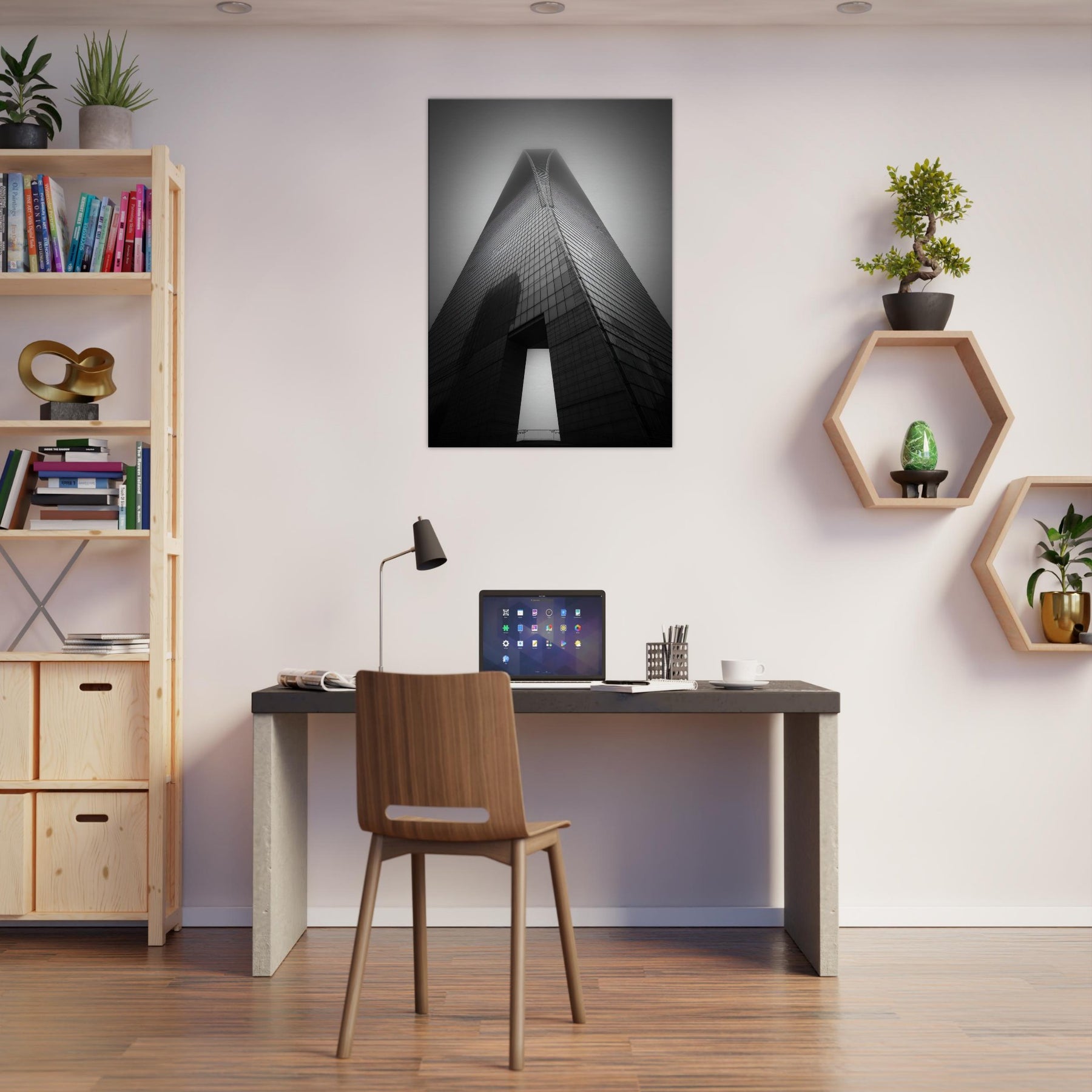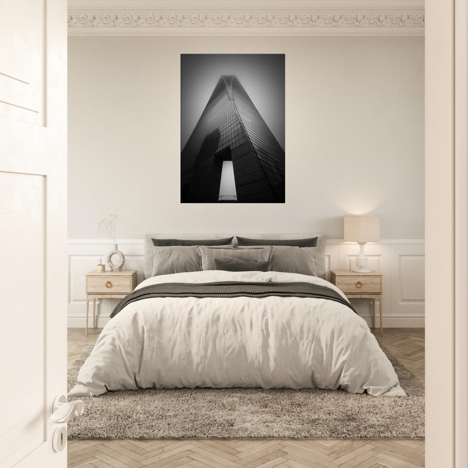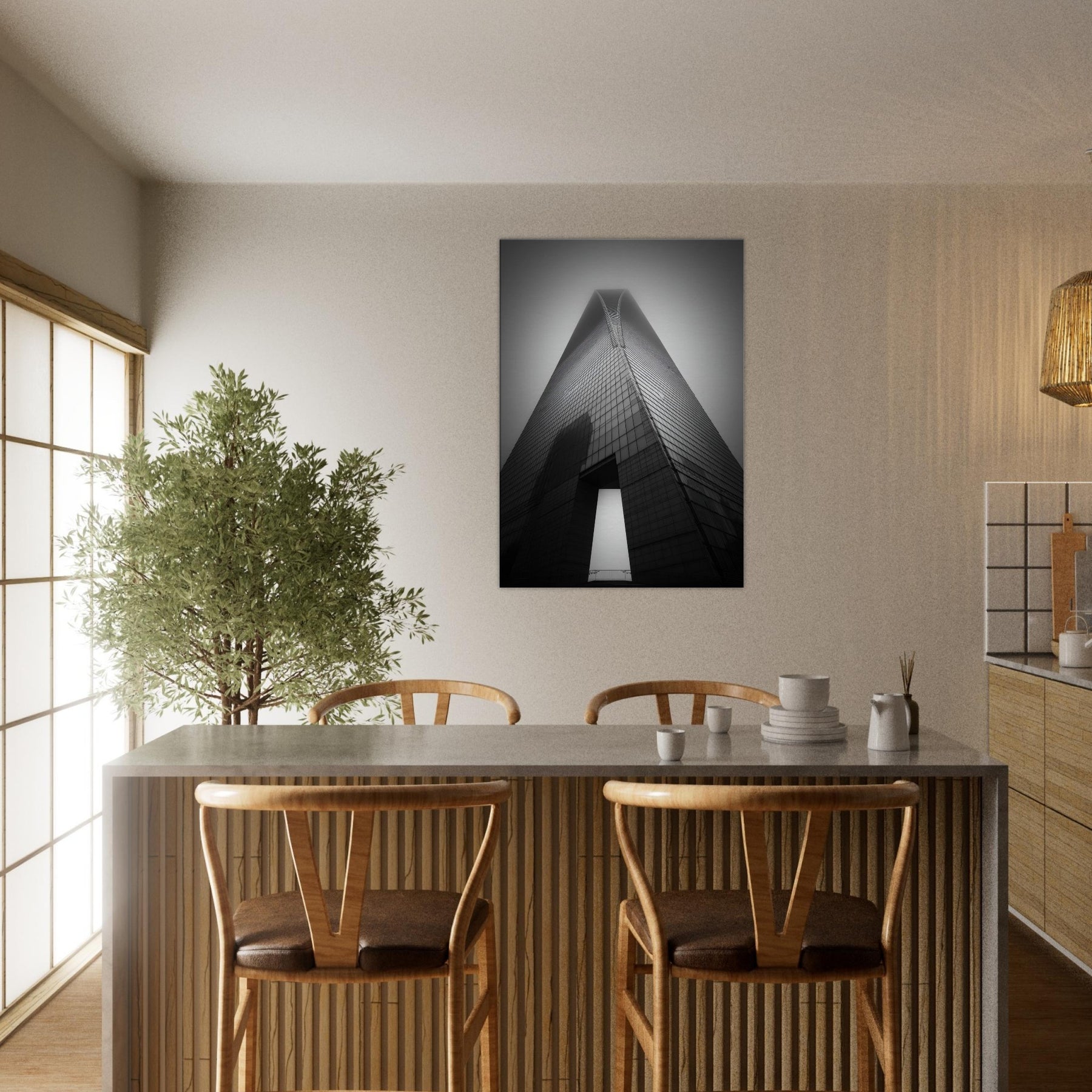 In this monochrome tribute to Shanghai, the tower rises like a quiet chord of steel and glass, a poem in shadow and light. The black and white palette distills the city's architecture into a timeless silhouette, inviting contemplation and a breath of urban quiet into any room. It evokes neon dawns and midnight silhouettes, offering sophistication that pairs with wood, metal, or plush fabrics. Hang it in the living room or study to anchor conversations and infuse the space with cosmopolitan poise.
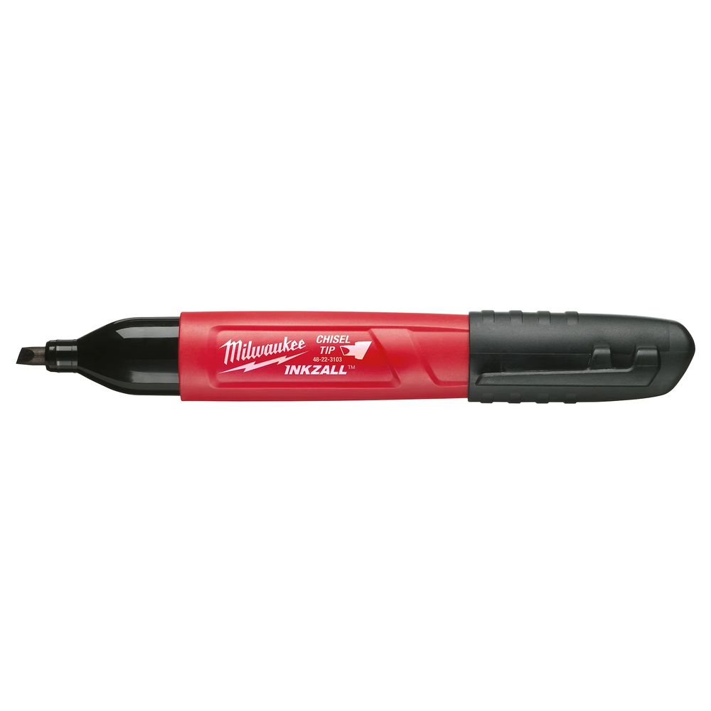 The Milwaukee INKZALL Black Chisel Tip Marker is a professional-grade marking tool engineered to thrive in the most demanding jobsite environments. Equipped with a proprietary clog-resistant tip, it maintains its shape and performance even when marking on abrasive materials like OSB, cinder blocks, and concrete. This versatile marker ensures your layout remains visible by writing clearly through wet, oily, or dusty surfaces that cause standard markers to fail.
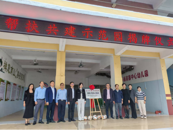 12月2日下午,广东石油化工学院、珠海市启雅幼教集团在化州市丽岗镇中心幼儿园结对帮扶揭牌仪式在化州市丽岗镇中心幼儿园顺利举行。珠海市教育局局长习恩民、化州市委副书记傅婕丹,学校“双百行动”驻化州市服务队队长冯耀勇,珠海启雅幼教集团总园长雷宇等出席了活动。
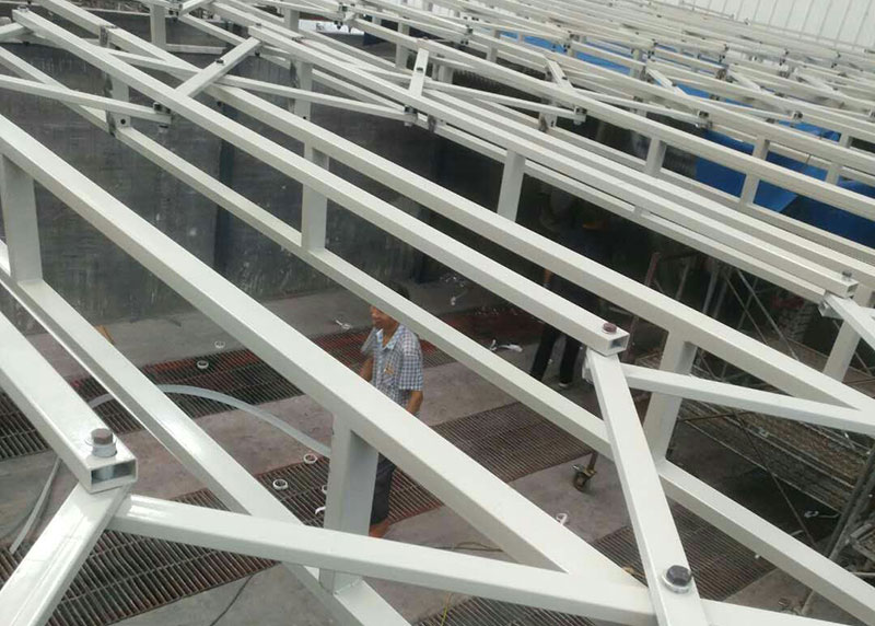三、頂部伸縮噴漆房是移動(dòng)伸縮噴漆房的一種,伸縮頂蓬兩端有固定的支撐,伸縮裝置在固定支撐上面伸縮移動(dòng),方便工件運(yùn)轉(zhuǎn)。以下為您展示安裝圖片。

::::::::::

EXERCISE GOAL> An exact reproduction of the data is needed, with no pictures included.

OUTPUT BELOW>
 In this monochrome tribute to Shanghai, the tower rises like a quiet chord of steel and glass, a poem in shadow and light. The black and white palette distills the city's architecture into a timeless silhouette, inviting contemplation and a breath of urban quiet into any room. It evokes neon dawns and midnight silhouettes, offering sophistication that pairs with wood, metal, or plush fabrics. Hang it in the living room or study to anchor conversations and infuse the space with cosmopolitan poise.
 The Milwaukee INKZALL Black Chisel Tip Marker is a professional-grade marking tool engineered to thrive in the most demanding jobsite environments. Equipped with a proprietary clog-resistant tip, it maintains its shape and performance even when marking on abrasive materials like OSB, cinder blocks, and concrete. This versatile marker ensures your layout remains visible by writing clearly through wet, oily, or dusty surfaces that cause standard markers to fail.
 12月2日下午,广东石油化工学院、珠海市启雅幼教集团在化州市丽岗镇中心幼儿园结对帮扶揭牌仪式在化州市丽岗镇中心幼儿园顺利举行。珠海市教育局局长习恩民、化州市委副书记傅婕丹,学校“双百行动”驻化州市服务队队长冯耀勇,珠海启雅幼教集团总园长雷宇等出席了活动。
三、頂部伸縮噴漆房是移動(dòng)伸縮噴漆房的一種,伸縮頂蓬兩端有固定的支撐,伸縮裝置在固定支撐上面伸縮移動(dòng),方便工件運(yùn)轉(zhuǎn)。以下為您展示安裝圖片。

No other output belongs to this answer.